TRY IT:
Leaving out the pictures, return each line of the entries from the first through the line with "You can add", and only those lines.

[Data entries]

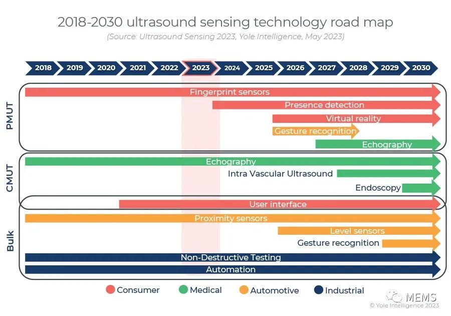 2018~2030年超声传感技术路线图(来源:Yole)
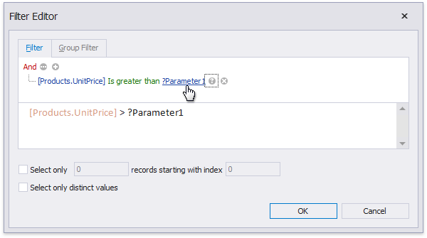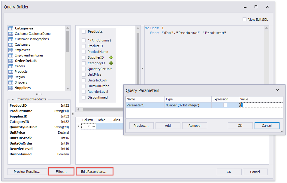 You can add new query parameters in the Query Parameters dialog and modify the filter within the Filter Editor.
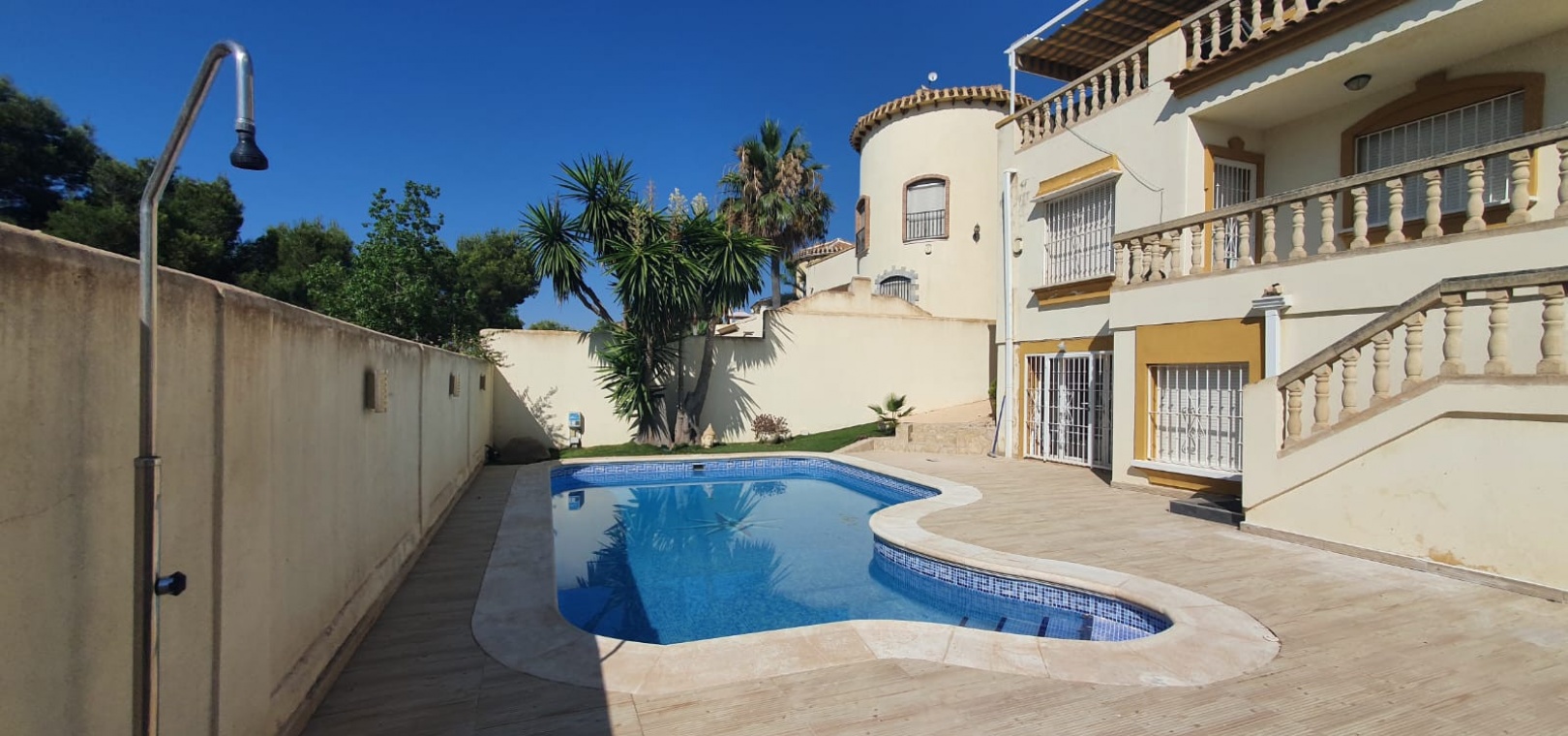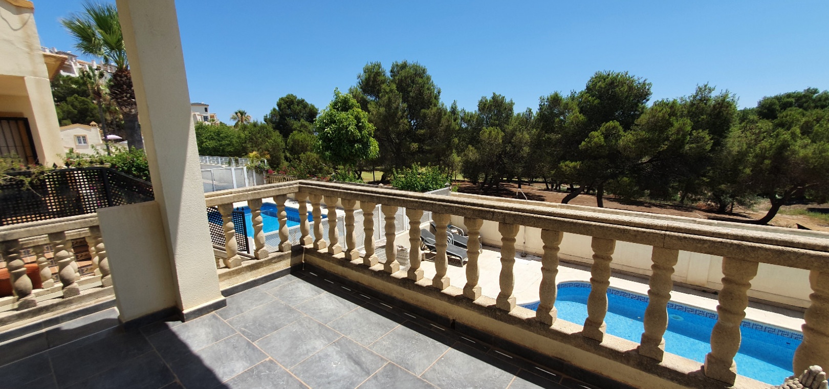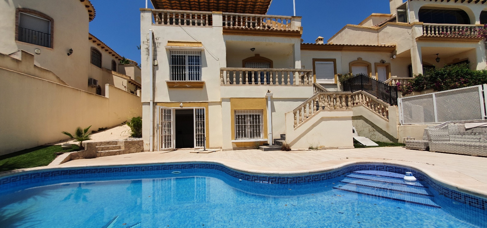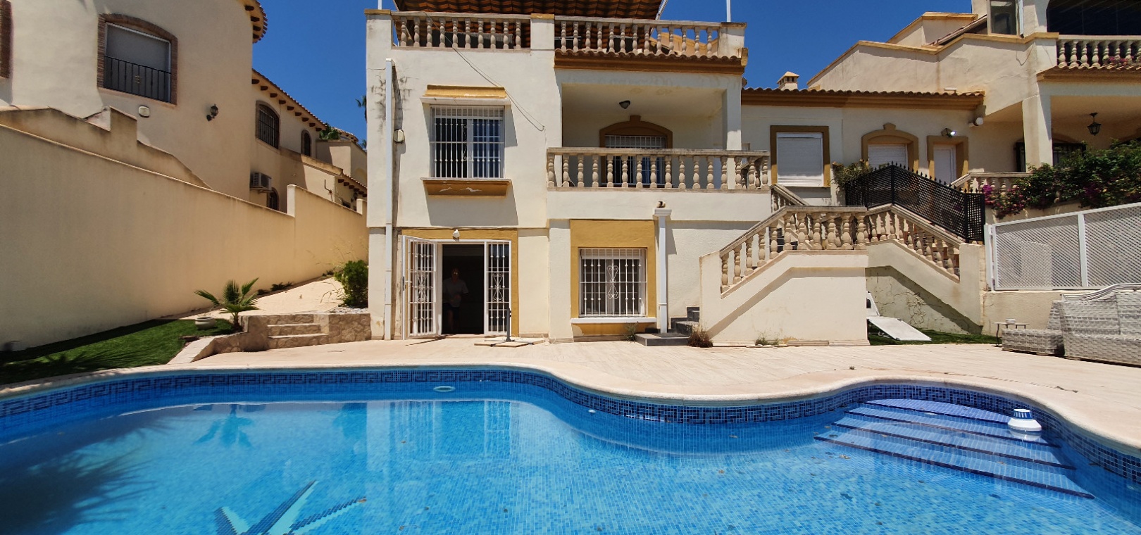 En fristående villa med 5 bäddar och 3,5 badrum med privat pool 1:a raden till den vackra golfbanan Las Ramblas, Villamartin, Costa Blanca South. Denna rymliga fastighet av hög kvalitet bjuds ut till försäljning i gott skick, delvis möblerad och består mycket kortfattat av följande:- Belägen på en lugn återvändsgränd, ligger denna villa på en stor tomt med lågt underhåll. In genom gångporten till vänster är en uppfart med plats för flera bilar och tillgång till det helt slutna garaget. På bottenvåningen finns 3 x dubbelrum med inbyggda garderober, det största sovrummet har ett eget badrum och altandörrar som tar dig ner till poolområdet. Det finns också ett familjebadrum. Interna trappor tar dig upp till första våningen där det finns ett mycket rymligt och ljust vardagsrum/matsal med en öppen spis och altandörrar som leder vidare till den stora bakre balkongen med en solmarkis och fantastisk utsikt. Från balkongen finns det trappsteg upp till ett litet solarium på taket. Det finns också altandörrar som leder ut till den främre balkongen. Det finns också en dörr som öppnar upp till trappsteg som tar dig ner till poolområdet. På första våningen hittar du också ett rymligt fullt utrustat oberoende kök och ett grovkök / förråd med toalett. Det finns en stor fristående källare med en lounge, ett öppet kök, 2 x dubbelrum, 1 x duschrum och ett förråd. Utanför fastigheten finns en stor tomt med en stor kaklad terrass runt den stora privata poolen. Från terrassen runt poolen kan du nå garaget och ett litet underbyggt förråd. Denna fastighet har gas centralvärme. Denna härliga fastighet ligger bara några minuter från klubbhuset och restaurangen och mindre än 20 minuters promenad från La Fuentes kommersiella centrum där du hittar många barer och restauranger, snabbköp, apotek, banker, en taxistation och den lokala busshållplatsen. De gyllene stränderna Orihuela Costa ligger mindre än 10 minuters bilresa bort, liksom köpcentret Zenia Boulevard. Alicantes flygplats ligger 50 minuters bilresa bort och Murcia Corvera flygplats ligger 35 minuters bilresa bort.
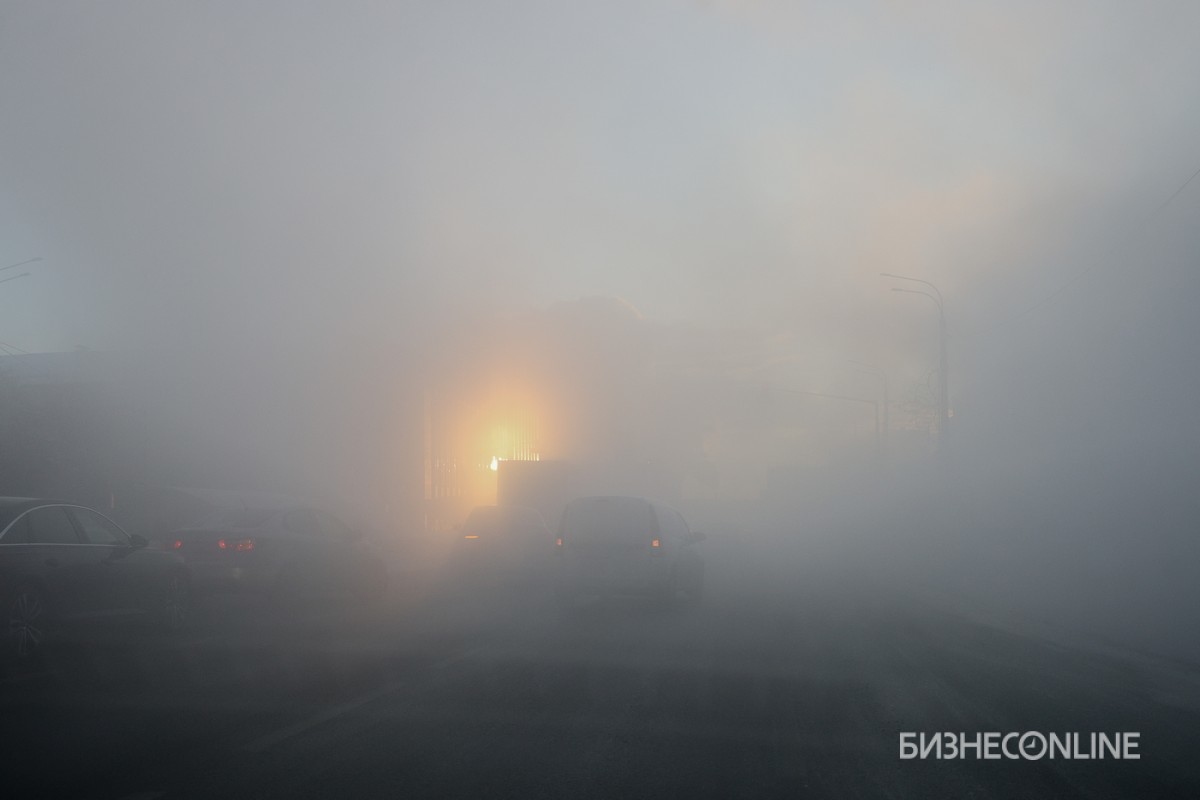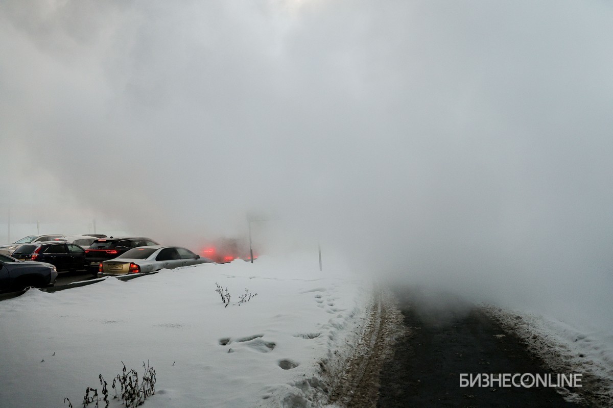 «Суконная слобода» и ее окрестности сегодня днем оказались в плотном тумане. Из-за ухудшения видимости быстро возник затор протяженностью около 2 километров
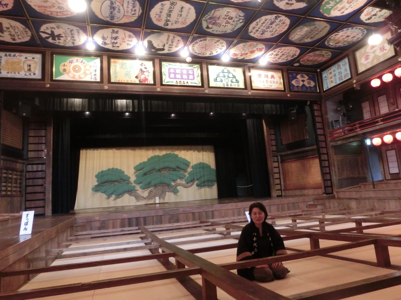 『奈落』と呼ばれる舞台下の回し舞台や、舞台の床から人が飛び出すリフト(どちらも人力)や、お客さんの後ろから登場するための地下通路の舞台裏?下?まで見せてもらえた。
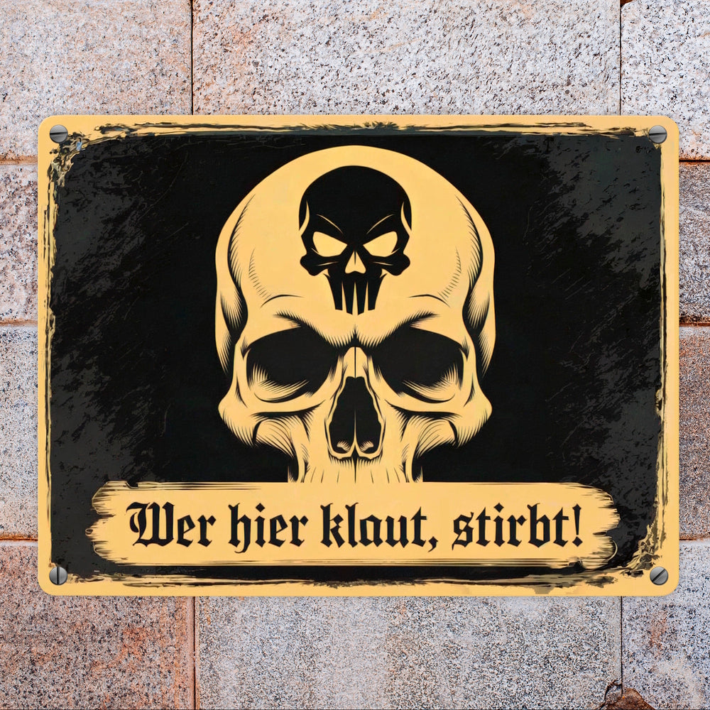 - Aufgepasst, hier kommt das ultimative Warnschild! In erfrischendem Vintage-Stil präsentiert dieses Metallschild ein drohendes Totenkopf-Design. Mit schwarzem Hintergrund und gelbem Rand zieht es garantiert alle Blicke auf sich. Die Botschaft ist klar: "Wer hier klaut, STIRBT!" – der perfekte Schreck für Langfinger!

ANSWER TO THIS EXERCISE:
 2018~2030年超声传感技术路线图(来源:Yole)
 You can add new query parameters in the Query Parameters dialog and modify the filter within the Filter Editor.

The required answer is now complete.